Ingredients
Scale
- 20 large pasta shells
- 1 cup ricotta cheese
- 2 cups fresh baby spinach
- 1 cup shredded mozzarella cheese
- 1/4 cup grated Parmesan cheese
- 1 cup marinara sauce
- 2 cloves garlic, minced
- 1 tablespoon olive oil
- Salt and pepper to taste
Instructions
- Cook the pasta shells in salted boiling water until al dente (about 8 minutes). Drain and set aside.
- In a pan over medium heat, heat olive oil. Sauté minced garlic until fragrant (about 1 minute), then add spinach, cooking until wilted.
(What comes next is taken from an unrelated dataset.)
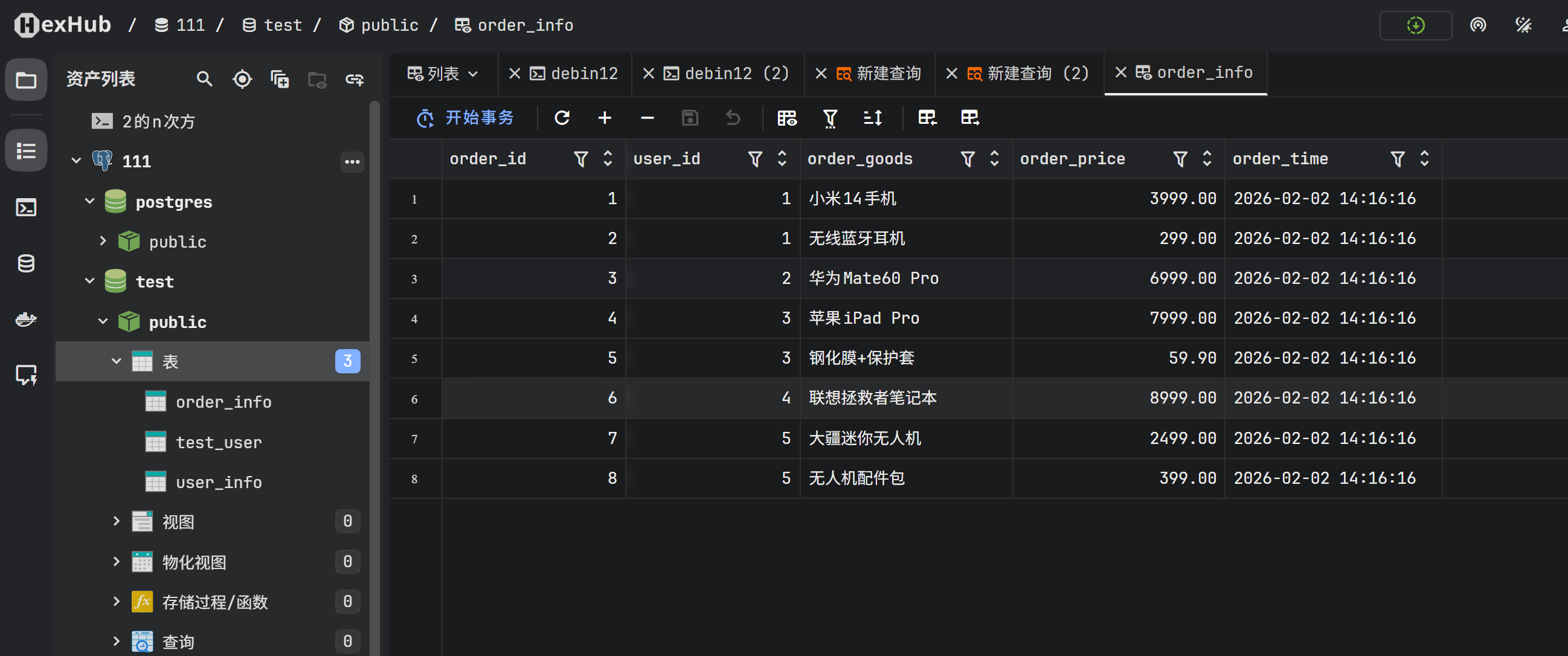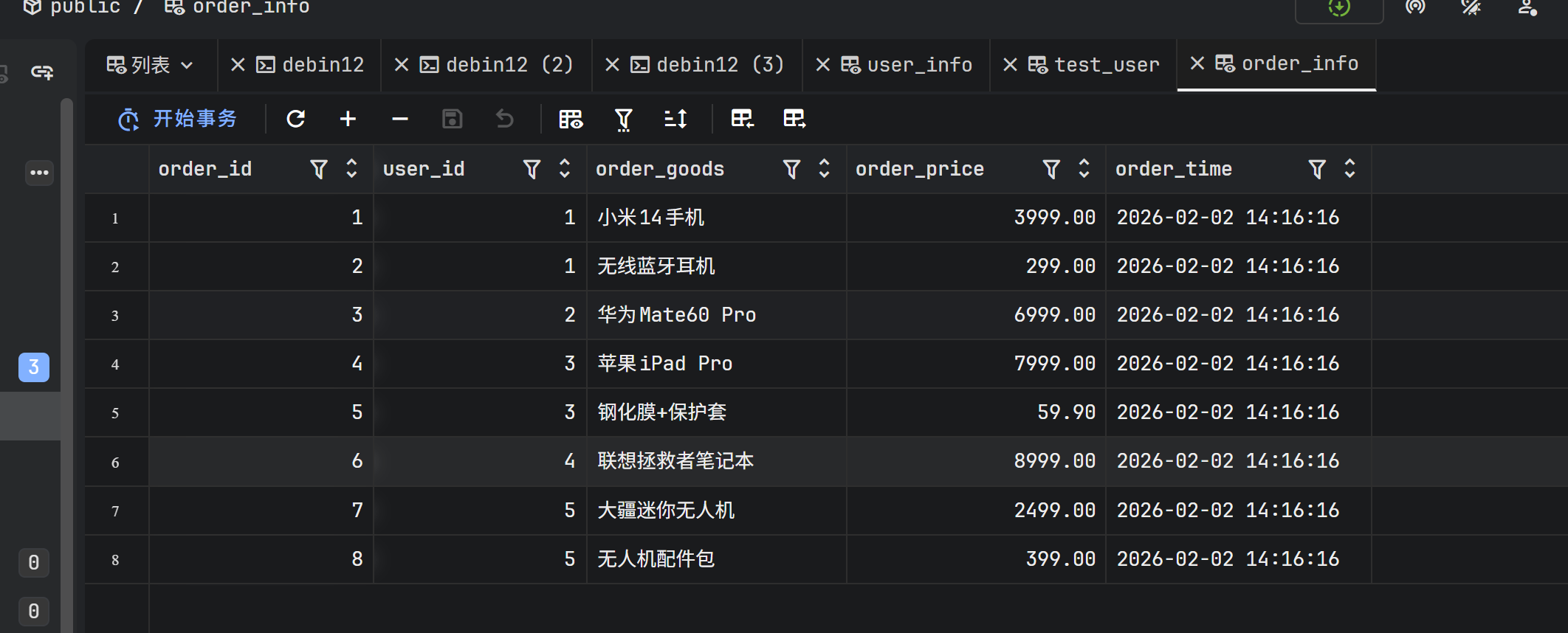 同样成功返回了 order_info 表的数据。

- In a mixing bowl, combine ricotta cheese, sautéed spinach, mozzarella cheese, Parmesan cheese, salt, and pepper. Mix until smooth.
- Preheat the oven to 375°F (190°C). Stuff each shell with the filling mixture.
- Spread half of the marinara sauce on the bottom of a baking dish. Arrange stuffed shells in a single layer and top with remaining sauce and extra mozzarella if desired.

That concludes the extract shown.